# 4.5 month old drawing blood



## CAR83 (Jul 3, 2013)

So my pup is still biting...yes I've read everything on here and everything else I can find on the subject! But I'm not sure what is normal and what is not. She bites very hard at times(blood, bruises) and she does this several times through the day. I've tried different methods, one being a timeout in her crate so she can calm down. This method seems to work the best. But she has figured out that if she lays on her back she can fight us off. So she is snapping and refuses to go into the crate without a very painful struggle. If you walk away, she jumps up and will bite our legs very hard. Her hair on her back stands up and she will sometimes curl her lips. Is this fear? Aggression? A future problem? I tend to think its fear so I will just speak softly to her(no yelling) and try to rub her belly but this only works for a few seconds. She is so smart and I'm in over my head with this biting! My dad avoids her because she has drawn blood and I actually believe she scares him. Which can't help the situation. There is no training in this area as I live in the country. So this site and google are my trainers. I would love input!! Thanks!


----------



## Chantald (Jul 23, 2013)

My 5 1/2 month old is still nippy too, and also does the lip curl and roll on his back/side when I'm kicking him off the couch, though his hackles don't go up. I'm sorry I don't have much advice, but know that you are not alone LOL


Sent from Petguide.com Free App


----------



## Harbud (Aug 27, 2013)

This is not ok behaviour for a puppy to draw blood repeatedly or bruise. I can say pretty confidently that if she is learning this as a method of communication now, she WILL use it as an adult too. I would not say she will be vicious but she will be certainly be inappropriate. As a larger dog that will become an even bigger issue as Im sure you can imagine.
Crate time outs are ideal but as you have been experiencing she will get pretty savvy about it as well, leave her on a lead so she is easier to move when you need to.

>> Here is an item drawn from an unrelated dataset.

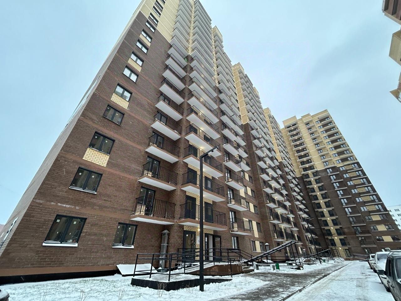 - Благоустроенная дворовая территория: удобные пешеходные зоны и места отдыха, озеленение, детские площадки
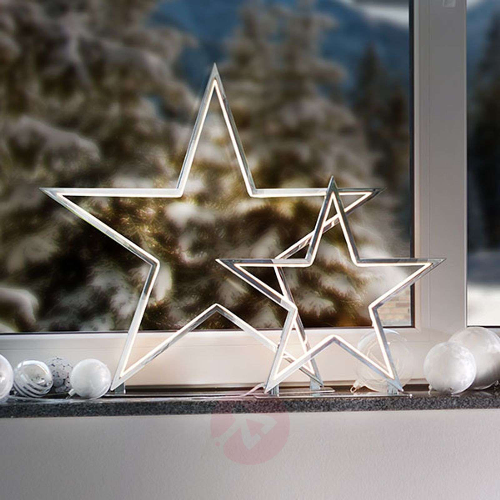 Błyszczące chromowane oświetlenie dekoracyjne Lucy w kształcie gwiazdy – 33 cm wysokości W przypadku lampy dekoracyjnej LED Lucy w kształcie gwiazdy lśniący blask gwarantuje nie chromowany metal, ale przytulne oświetlenie LED, które znajduje się po wewnętrznej stronie kantów lampy. Nastrojowe oświetlenie dekoracyjne, które sprawdzi się szczególnie jako bożonarodzeniowa dekoracja okienna lub ozdoba stołu. Prosty design pasuje do wielu stylów wnętrz. Wskazówka: oświetlenie dekoracyjne LED Lucy będzie wyglądać wyjątkowo atrakcyjnie w grupie po kilka sztuk. Klasa efektywności energetycznej: A+

Do not relent, one bite = "that's enough", next bite = , "too bad" and into the crate for 30 seconds. Keep at it what it she will start to understand what it means. Also I would think that you need to consult with a behaviourist, hopefully one will come along on here and offer you some better advice. I expect they would have a ton of question about her litter/littermate, the age you brought her home, parents history (if you know), etc.


----------



## Msmaria (Mar 2, 2013)

If I could post pics of my arms when my dog was your dogs age you would be horrified. (and that is with me telling him no). He ripped quite a few pairs of jeans. He did this even though he is not considered a regular hyper german shepherd. His trainer said he was very calm, but boy did he always want to play bite with just me. When he did it i would tell him gentle and try to redirect him. hes 8 months now on the 16th and he has not bitten me hard in almost 2 months. hes very gentle now. Now the only time he puts my hand in his mouth is to gently take me to his water bowl when hes out of water or when im on the trail and he thinks im falling to far behind from the group . 

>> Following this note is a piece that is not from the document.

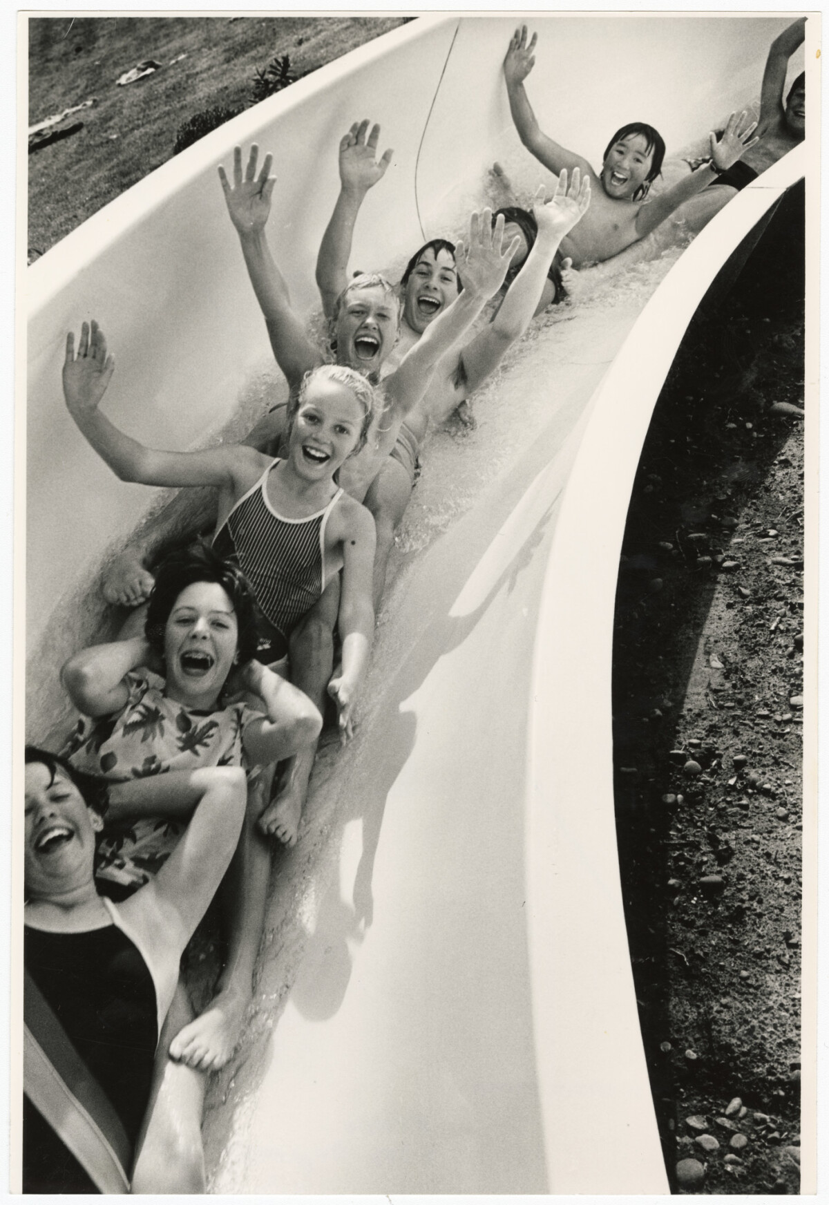 A group of first and second form pupils from Russley School going down the hydroslide together at Sockburn Park swimming pool. Pupils from top, Lincoln Chung, Nicholas Clarke, Stephen Rose, Melissa Hussey, Jacki Brewer and Melanie Knight.

My advice redirect him with a toy as I found Dexter did this when he wanted to play, firmly tell him no when he bites your arm. Yes i did squirt mine with water when he didnt stop. got to the point when i would just have to get the water bottle and he would immediately stop jumping up to bite me (very smart dog, he learned fast). as for the crate. I taught him to "go to his bed" by using the clicker and treats. (pieces of hot dog). Then I would lock the crate door and feed him a few pieces through the wires, and then let him out, extending the time gradually.

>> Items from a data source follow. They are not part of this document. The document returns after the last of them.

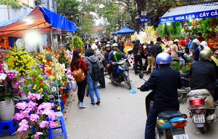 La plupart des vendeurs viennent des villages horticoles célèbres de la capitale comme Nghi Tàm, Nhât Tân, Tây Tuu… ou des districts limitrophes de Dông Anh et Soc Son, voire des provinces avoisinantes. A l’occasion du Tet, ce marché est une destination de prédilection pour bon nombre de Hanoiens. On écoute Huynh Ngoc: « On trouve ici tous types de fleurs: fleurs de pêcher et d’abricotier, kumquats, oeillets, chrysanthèmes, lys, fleurs du Sud et de Dalat. Des fleurs importées aussi. Le prix est très raisonable. Chaque fleur a sa signification particulière. Les fleurs de pêcher symbolisent le printemps, le kumquat est l’emblème des retrouvailles familiales alors que le lys rend plus chaleureux l’ambiance du Tet. »
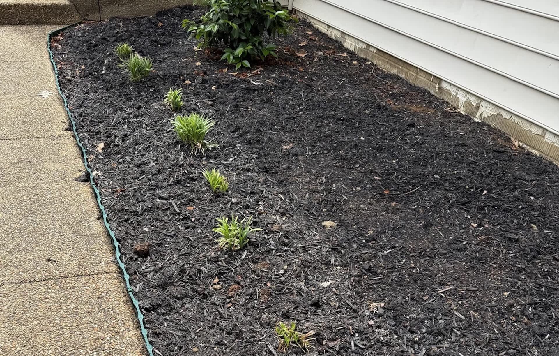 “You don’t need to replace it with anything,” another commented. Going green “looks more natural, has less upkeep, and costs less. Instead, lower the grade an inch or two so the top of the mulch is a tiny bit lower than the concrete.”
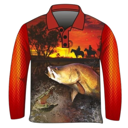 Looking for a fishing shirt that will keep you cool and comfortable on those hot, summer days? Look no further than the Country Crab Croc Red Shirt featuring the Barramundi, Crocodile, Mud Crab Horse and men on Horseback. It's a combination of staying comfortable and looking stylish no matter the situation! Put your best foot (or claw) forward and make a statement.

Do know that my dogs hackles would go up when he was excited or scared, but he has never curled his lips at us, to date. So maybe someone else can help you answer why hes doing that.


----------



## Kovinator (Mar 24, 2013)

When the pup starts biting, try and immediately substitute a bully stick or chew toy (if it's a matter of him teething.) Sometimes I would pick him up and hold him close to me so he couldn't bite and try and calm him down. My dog would nip pretty good at that age, then he lost his baby teeth and it seemed to stop. Adult teeth aren't as pointy either! Good luck


Sent from Petguide.com Free App


----------



## JakodaCD OA (May 14, 2000)

exercise exercise and more exercise,,a tired puppy is a good puppy


----------



## bellske (Jul 30, 2013)

my pup still bites a decent amount but its calmed a lot.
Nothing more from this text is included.